I am trying to calculate a rolling/moving average by month. For example, using the economics data from the ggplot2 package, I want to construct an accompanying time series that represents the 3-year rolling average of each month.
library(ggplot2)
df = economics
df$month = as.POSIXlt(df$date)$mon+1
I get exactly what I want when I split into monthly data manually:
library(zoo)
df.test = subset(df, month==1)
df.test$uempmed.ma = rollapply(df.test$unemploy, width=3, FUN=mean, na.rm=T,
fill=NA, align="right")
head(df.test)
date pce pop psavert uempmed unemploy year month uempmed.ma
8 1968-01-31 534.7 199920 9.5 4.5 3001 1968 1 NA
20 1969-01-31 590.2 201881 6.5 4.9 2692 1969 1 NA
32 1970-01-31 635.7 204008 8.1 4.5 3453 1970 1 3048.667
44 1971-01-31 681.3 206668 9.9 6.3 4903 1971 1 3682.667
56 1972-01-31 738.4 209061 9.4 6.6 4928 1972 1 4428.000
68 1973-01-31 828.5 211120 9.5 5.2 4452 1973 1 4761.000
But, when I try to use the plyr package to do all months simultaneously ....
library(plyr)
df2 = ddply(df, .(month), mutate,
uempmed.ma = rollapply(df$uempmed, 3, FUN=mean, na.rm=T,
fill=NA, align="right")
)
....the following error is returned:
Error: wrong result size (478), expected 40 or 1
I know this should be fairly easy but, I am stumped.

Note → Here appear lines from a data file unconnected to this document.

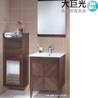 【大巨光】櫃體防水實心發泡板/雙側貼原木色防水美耐板/胡桃木門片/不含腳柱浴櫃(NH-08B-T60-N)
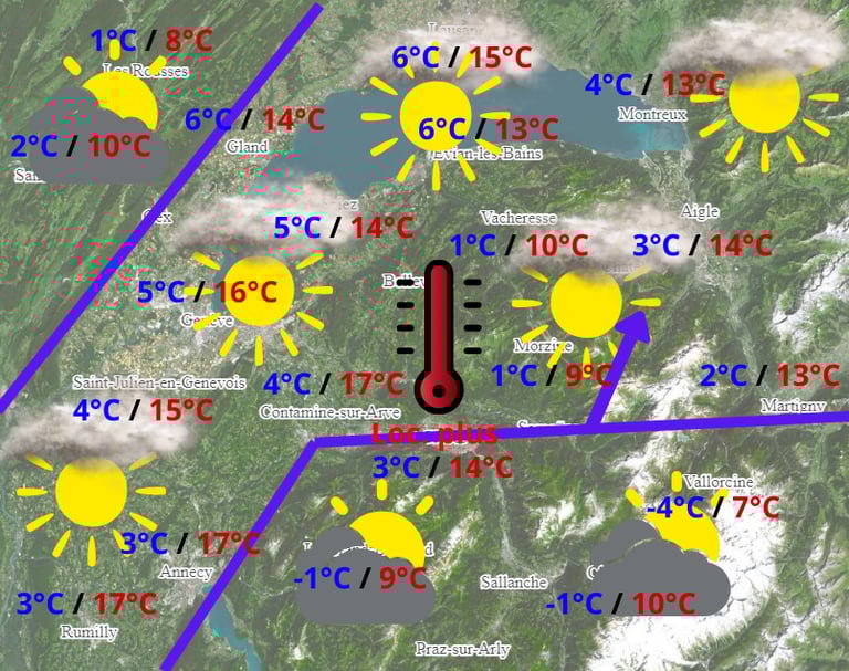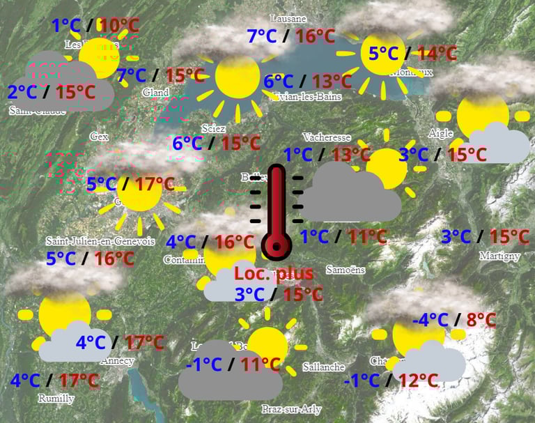 Découvrez nos prévisions, alertes et actualités sur la météo de la région Chablais-Léman et Côte d'Azur (en été).
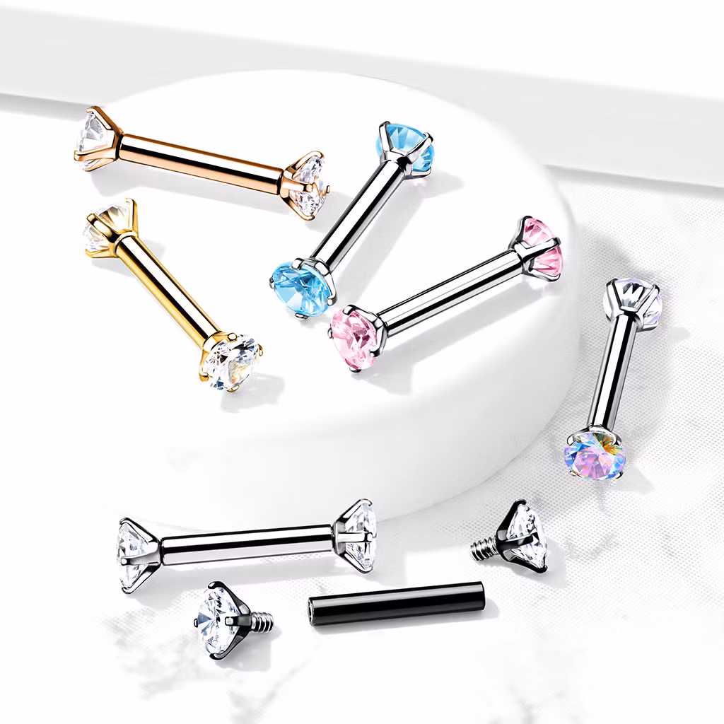 Barbell med två ädelstens toppar $8.38 Fin barbell med två stycken ädelstenar på var sin sida av staven. Ädelstenarna är 3mm stora. Barbellen är invändigt gängad. Färg Vit Rosa Turkos Regnbågsskimmer Svart Storlek 1,2*8mm 1,2*10mm I lager. Lägg i korgen Lagersaldo: Artikelnummer: 2263 Dela Information Recensioner Fin barbell med två stycken ädelstenar på var sin sida av staven. Ädelstenarna är 3mm stora. Barbellen är invändigt gängad.
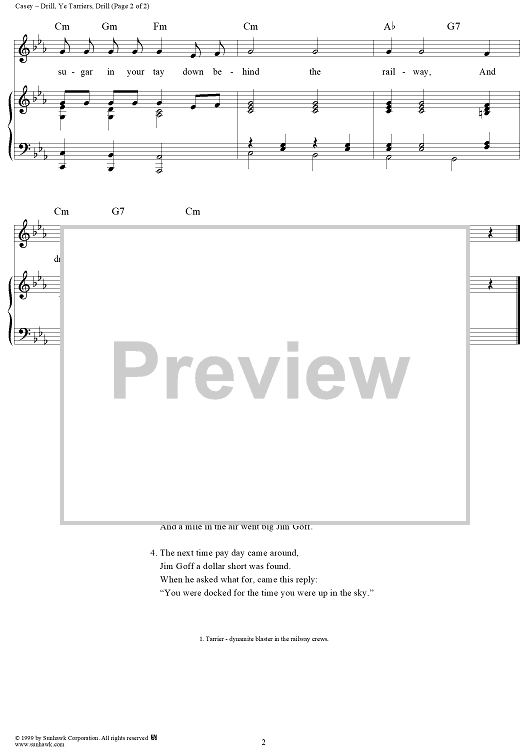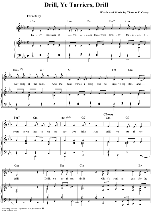 Digital Sheet Music for Drill, Ye Tarriers, Drill by Thomas F. Casey scored for Piano/Vocal/Chords; id:113744
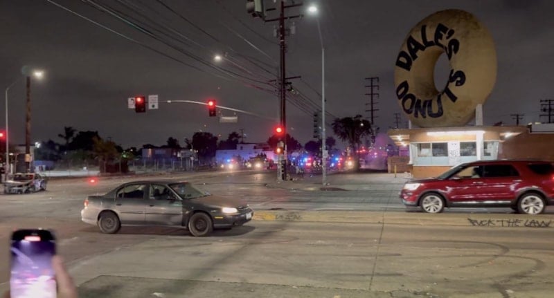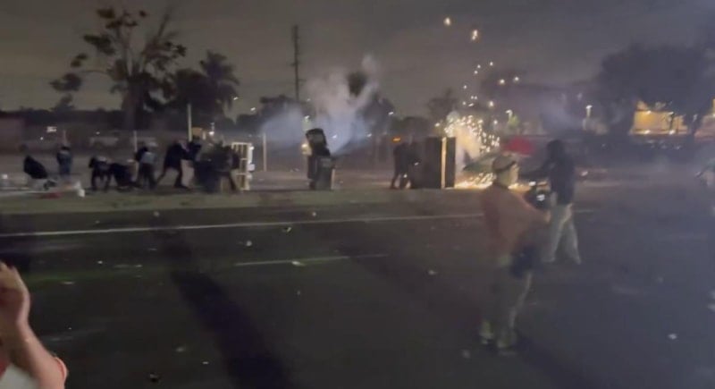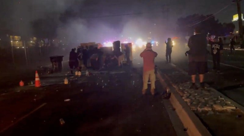 Los Angeles'ta gözaltılara tepki gösteren kalabalık, polise karşı kendi sokak savunmalarını kurmaya başladı.
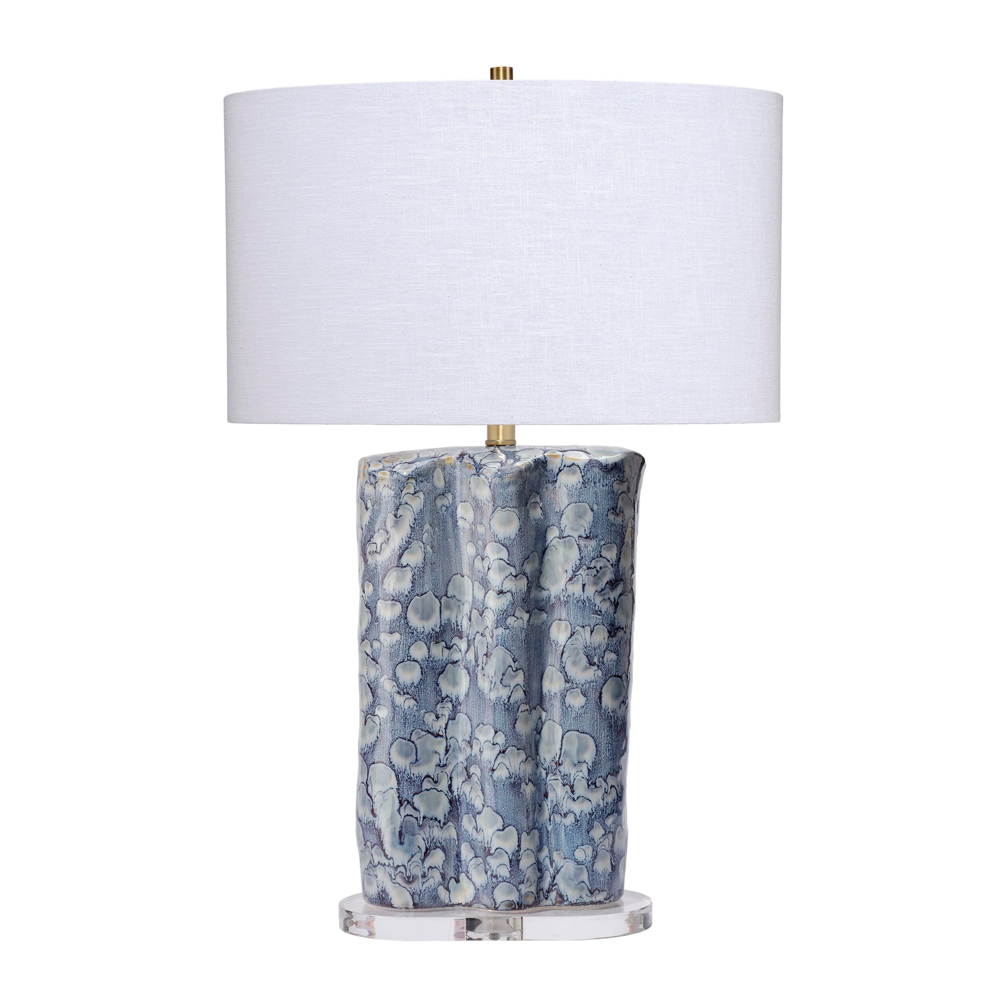 The scalloped body of this ceramic lamp is finished with reactive glazes that have been expertly fired to create vibrant patterns, masterfully updating the traditional blue and white color scheme. A thick slice of crystal-clear resin grounds the design, which is topped with an oval shade in white linen. We love this displayed as a pair on a mantle.
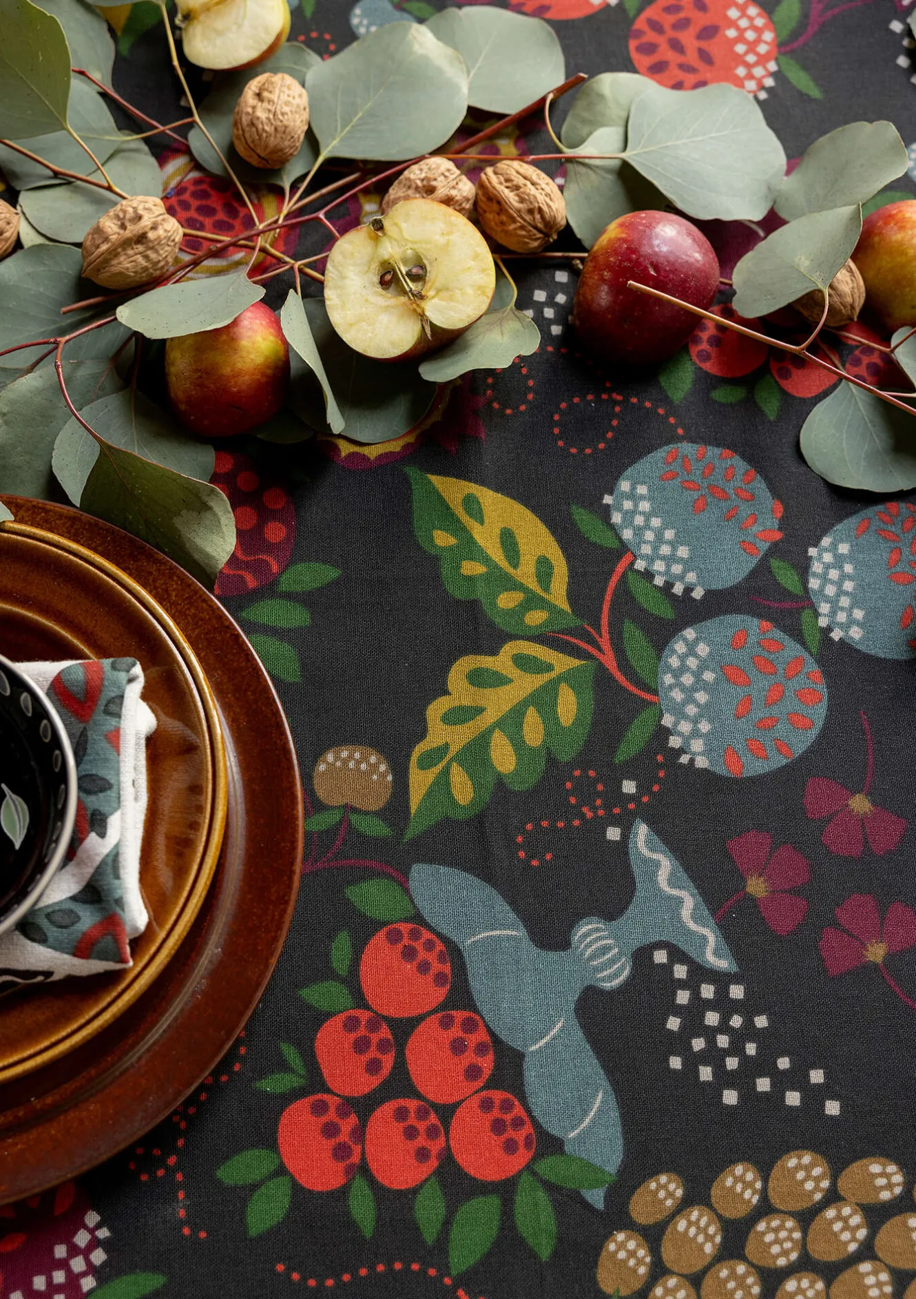 Det blir färgstarkt på bordet med vår duk som är mönstrad med kanderade frukter i vackra färger. Rektangulär modell.
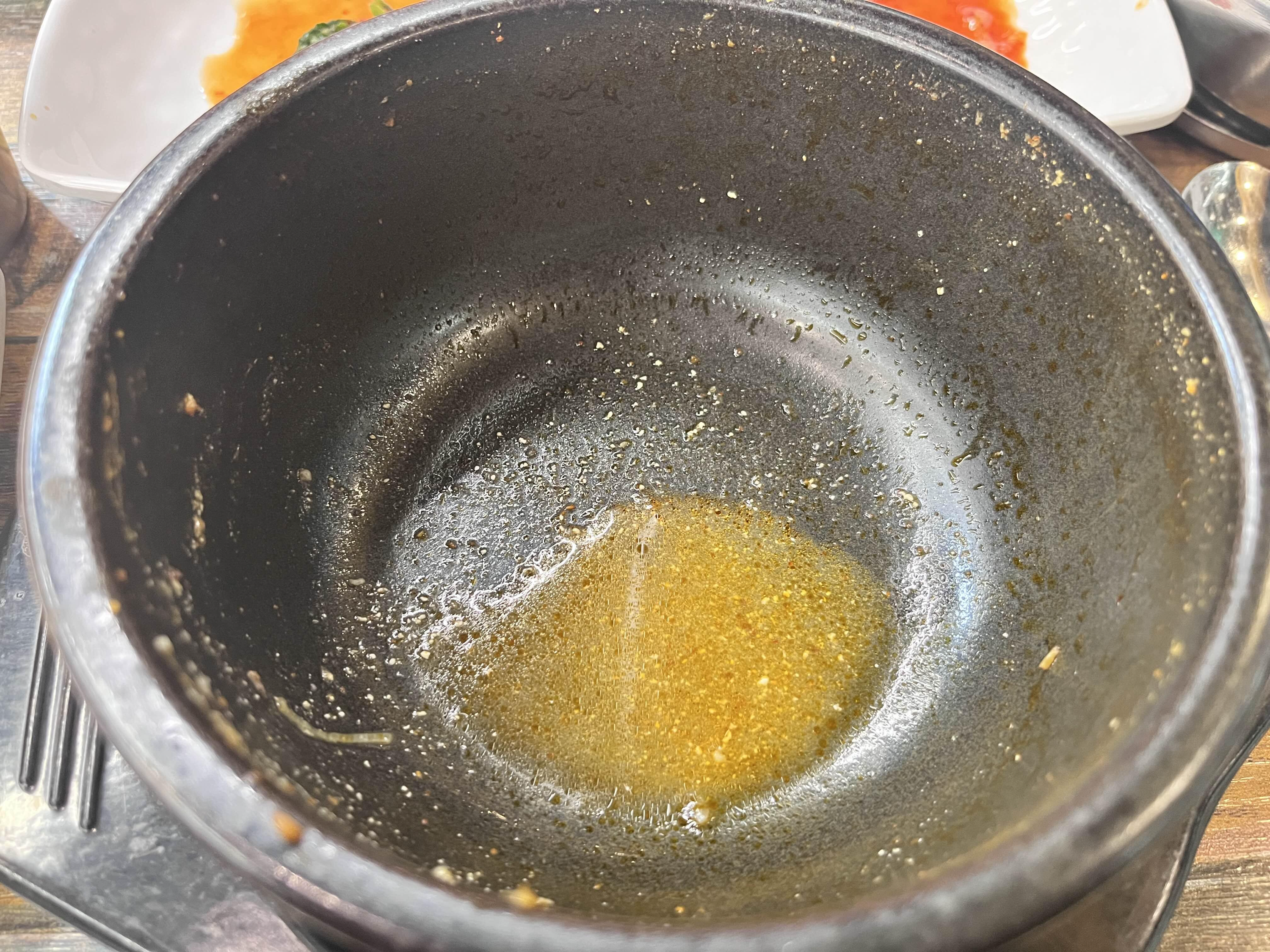 옆에는 맑은 고추기름도 놓여 있었어요.
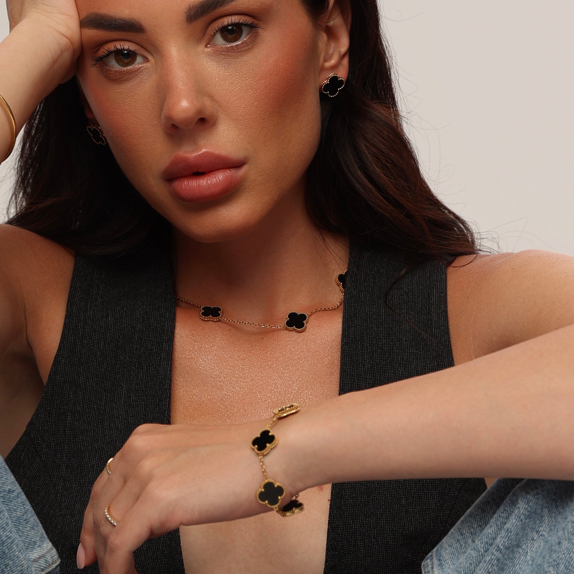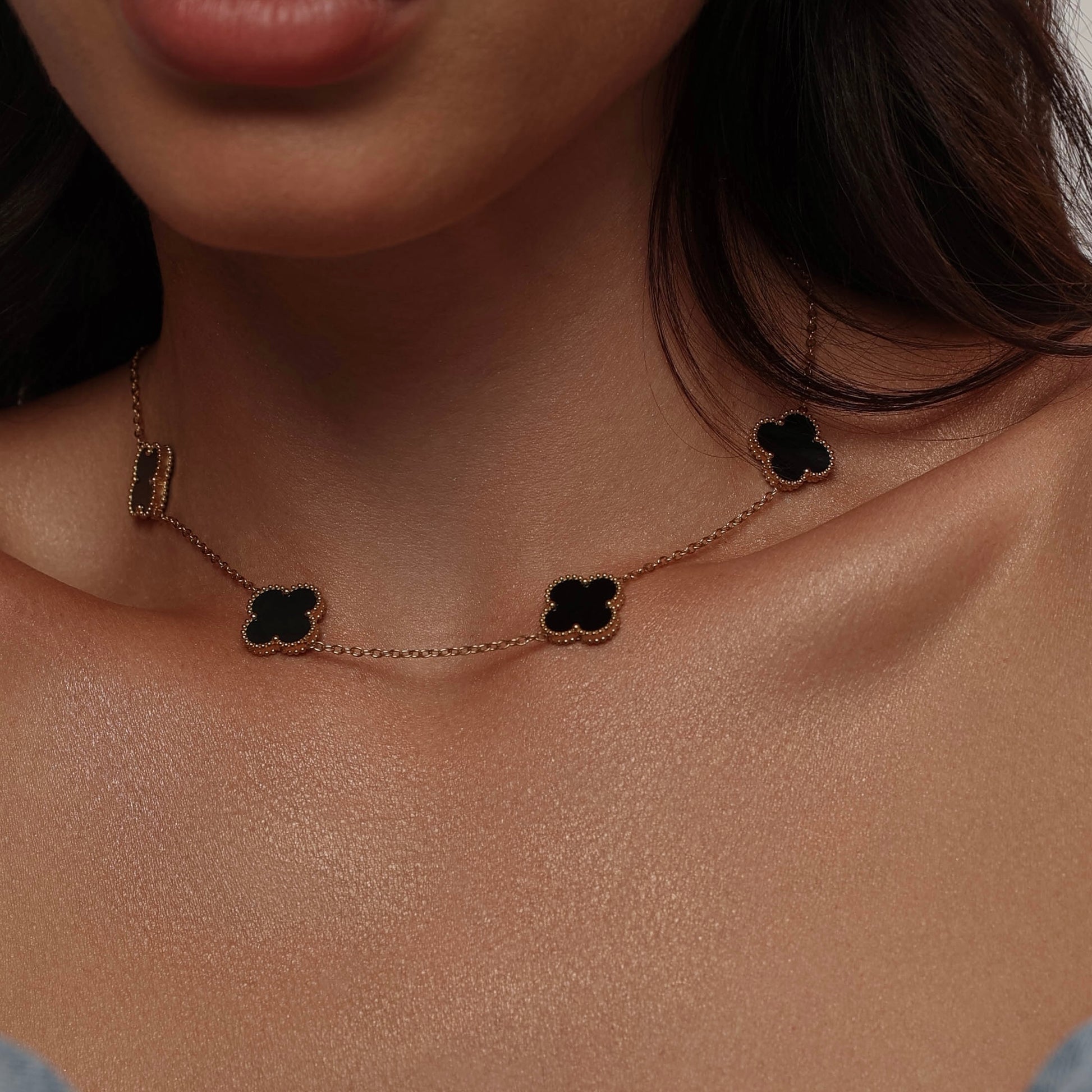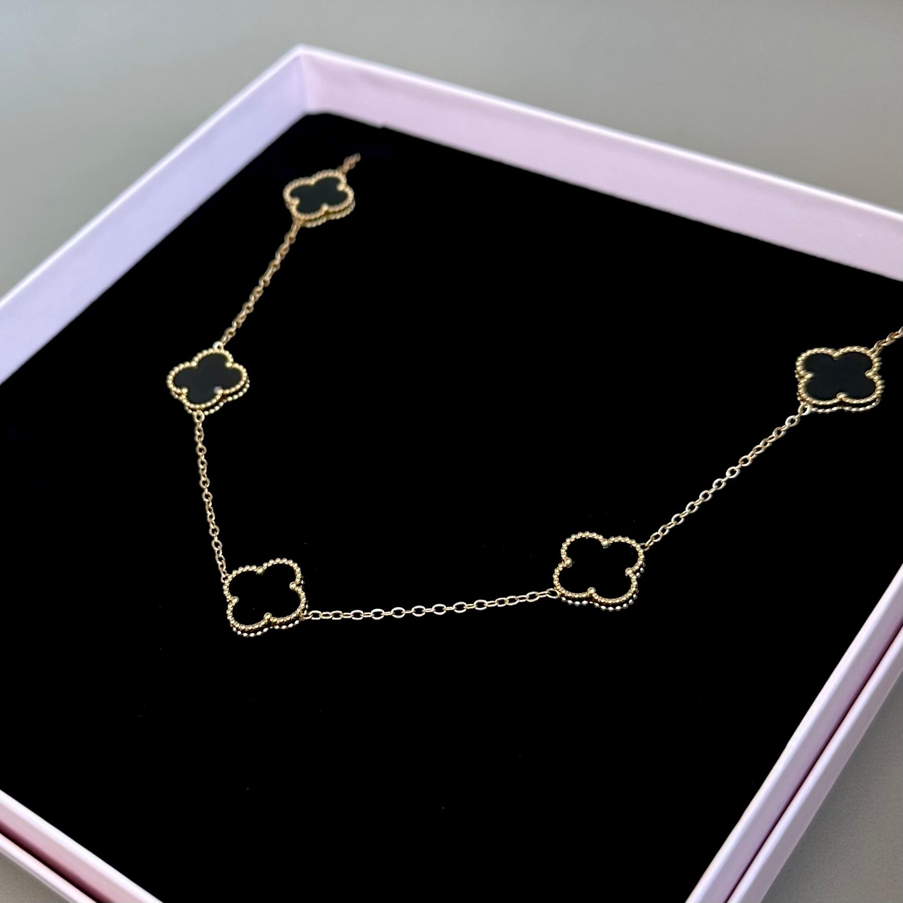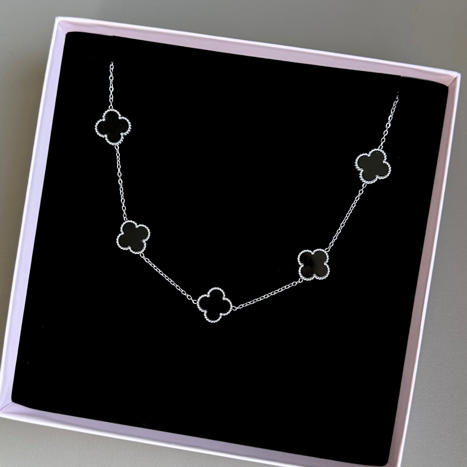 Naszyjnik wykonany ze stali chirurgicznej, jest odporny na wodę i nie czernieje. Długość naszyjnika 40 cm + 5 cm łańcuszek wydłużający. Koniczynki obustronne, średnica 15 mm.
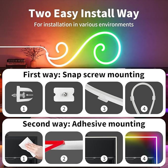 - 【5V USB RGB Smart IC Neon lights】 Compared with ordinary neon LED light strips, Our 16.4FT 5M USB RGB Smart IC neon rope lights have more densely distributed LED chips, which creates brighter, softer, spotless and ultra-even lighting glow. Not as spotty, suitable for lightening bright screens and easily cover the dark edges or area of a room.
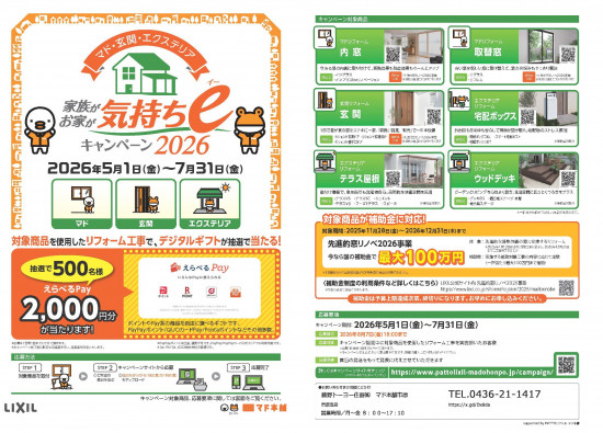 - マド本舗2026春キャンペーン「家族がお家が気持ちeキャンペーン2026」が5月1日(金)から始まります。 期間中に、対象商品の工事をしエントリーして頂くと抽選でデジタルギフトがもらえます!
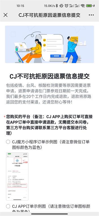 4.选择您的购买途径,出示退票信息提交,即可申请退票。
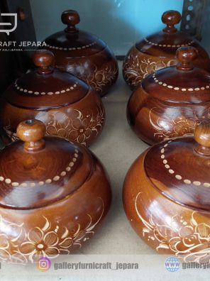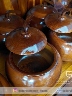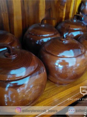 Toples Labu Kayu Jati Natural Doff 15x15x20cm

Ultimately, I want the moving average series (i.e. uempmed.ma) to be lagged -- That is, not include the current year in the calculation. For example, the value for 1971-01-31 from above should be the average of uempmed for the 1968-01-31, 1969-01-31, and 1970-01-31 time periods.
Any assistance would be greatly appreciated.